Jacques Cocteau, Orphée (1950)

The austerity in post-WWII Europe proves no hindrance to an artist’s creativity, at least, not for a virtuoso such as Cocteau. With an eclectic career spanning areas such as poetry, plays and visual art, Cocteau reimagines the vivacious world of gods and immortals. The beautiful Death falls in love with the terse, yet poetically gifted Orpheus. She secretly watches him in his sleep and even taking Eurydice just to create an opportune to meet Orpheus again. The story is just rich with deceit, the omnipotence and cruelty of the gods and destructive romance as any Ancient Greek tale. Here, the tragedy is that of an underling of the gods unable to pursue her romantic love and eventually sacrificing herself for it. Cocteau plays with the leitmotif of mirrors as gateways between earth and the underworld.

Igor Stravinsky, Orpheus (1948 score, picture of 2012 New York City Ballet performance)

Stravinsky composed the three tableaux for American choreographer George Balanchine’s neo-classical ballet. The score remains the most melodic of Stravinsky’s, profuse with usage of woodwinds. Stravinsky is perhaps best-known for his vibrant The Rite of Spring, as a scene in Yes, Prime Minister depicts the adviser remarking to the newly elected PM that if he wished to project change and hope in his first televised address, Stravinsky would be the go-to composer. However, in this, Stravinsky does completely without a percussion section, using predominately quite dynamics.
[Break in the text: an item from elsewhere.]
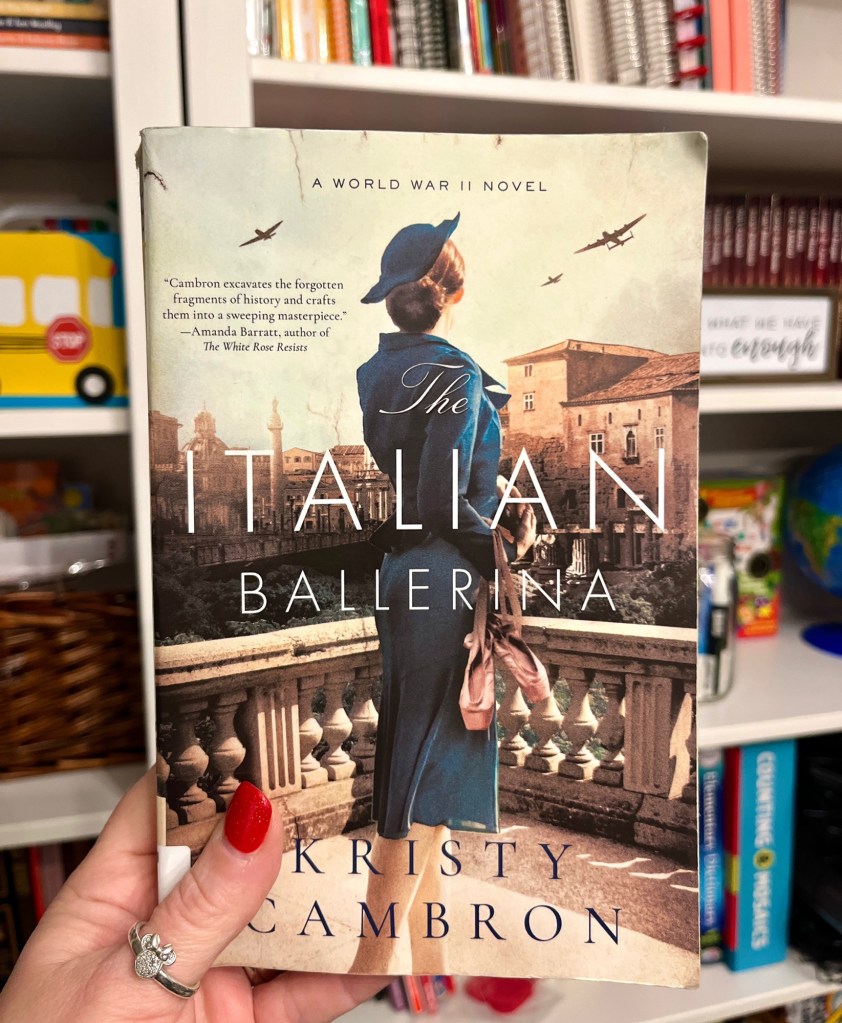 The Italian Ballerina by Kristy Cambron gives a rare look into the Nazi occupation of Rome and the fake Syndrome K of WW2 . Based on actual historical events it leaves you wanting to go back in history to reread events you may have missed. She gives the reader a wonderful story of the beauty even in the war from the London ballet stage and the allies storming the beaches of Salerno to the one moment that forever changed a soldier and a little girls life and those that got swept into life changing moments alongside them . The book bridges the beauty in how God can use each of us in a mighty way and create family where there is none.

He also gave an important role for the harp, paying tribute to Orpheus’ association to the lyre.

Céline Sciamma, Portrait of a Lady on Fire (2019)

Sciamma’s lesbian period drama employs the myth of Orpheus to re-centre the female gaze. The two lovers know their time is soon up and the idea of a reunion far-fetched. The tormented lovers bid farewell to each other through a reinterpretation of Ovid’s tale–Orpheus is not mad or irrational, he chooses the memory of Eurydice. Perhaps Eurydice senses it, too–she calls out to Orpheus to glance back, retaining the souvenir of their love.